Natural Language Understanding (NLU)
Natural Language Understanding (NLU) refers to the ability of a machine to understand what we say. NLU is considered a subset of NLP and it is about understanding what the data really means so that it can process it accordingly. NLU sounds like it’s the same or similar to NLP but NLU just relates to the understanding of natural language.
Machine Learning (ML)
There are varying definitions of Machine Learning but essentially ML is an area of AI that is based on the idea that computers can learn from data that is presented to them so that they can become progressively smarter at identifying patterns, making decisions and executing appropriate actions with minimal human intervention. There are many different types of machine learning algorithms that help computers successfully interpret data, especially data that the machine hasn’t been exposed to before.
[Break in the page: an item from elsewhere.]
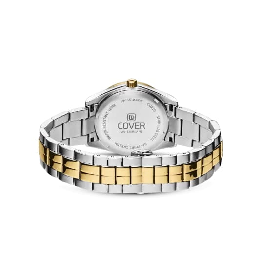 Представляем женские швейцарские часы Cover из коллекции Andara Diamond, модель CO210.04 — воплощение элегантности и роскоши. Эта уникальная модель украшена синтетическими бриллиантами, которые гармонично сочетаются с серебристым циферблатом, создавая ослепительную игру света на запястье. Стальной корпус диаметром 35 мм выполнен в пропорциональных размерах, что делает часы удобными для повседневного ношения. БезельБезельВнешний ободок, закрепляющий стекло. В спортивных часах так называется поворотное кольцо с делениями на циферблате, выполняет роль таймера – замеряет отрезки времени на шкале. Неподвижный безель – элемент декора. Однонаправленно вращающийся безель на дайверских часах позволяет фиксировать моменты погружения и выныривания на поверхность. с PVD-покрытиемPVDУльтратонкое покрытие наносится в технике вакуумного напыления, сочетает в себе нитрид титана особой прочности со слоем золота или оксида хрома. Несёт в себе декоративную или защитную функцию.. Циферблат защищен прочным сапфировым стекломСапфировое стеклоПрочный и надёжный материал из кристалла сапфира синтетического происхождения, характеризующийся особой твёрдостью и устойчивостью к царапинам и повреждениям., устойчивым к царапинам и обеспечивающим идеальную читаемость времени даже при ярком свете. Модель имеет водонепроницаемость до 10 АТМ, что позволяет использовать часы во время плавания или занятий водными видами спорта. Однако важно помнить, что во время погружения рекомендуется не нажимать кнопки и не пользоваться заводной головкой. Стальной браслет с частичным PVD-покрытиемPVDУльтратонкое покрытие наносится в технике вакуумного напыления, сочетает в себе нитрид титана особой прочности со слоем золота или оксида хрома. Несёт в себе декоративную или защитную функцию. на застёжке-бабочке с кнопкамиЗастёжка "бабочка"Такой вид застёжки дополняется предохранителями, помогающими избежать случайного раскрытия браслета. Обладают изящным исполнением. .

Virtual Assistant or AI Assistant
An AI Assistant, often referred to simply as a virtual assistant, or digital AI assistant is an artificial intelligence-powered software program designed to assist users with various tasks and activities using natural language interactions. These assistants can understand spoken or typed commands and queries, process them using natural language processing (NLP) algorithms, and provide relevant information, perform tasks, or execute commands accordingly. AI assistants can perform a wide range of functions, including answering questions, setting reminders, scheduling appointments, sending messages, making recommendations, providing navigation assistance, and controlling smart home devices.
An Ai assistant combines natural language processing, conversation control, domain knowledge, and a visual element (such as images or animation) that adapts to the discussion’s context and content.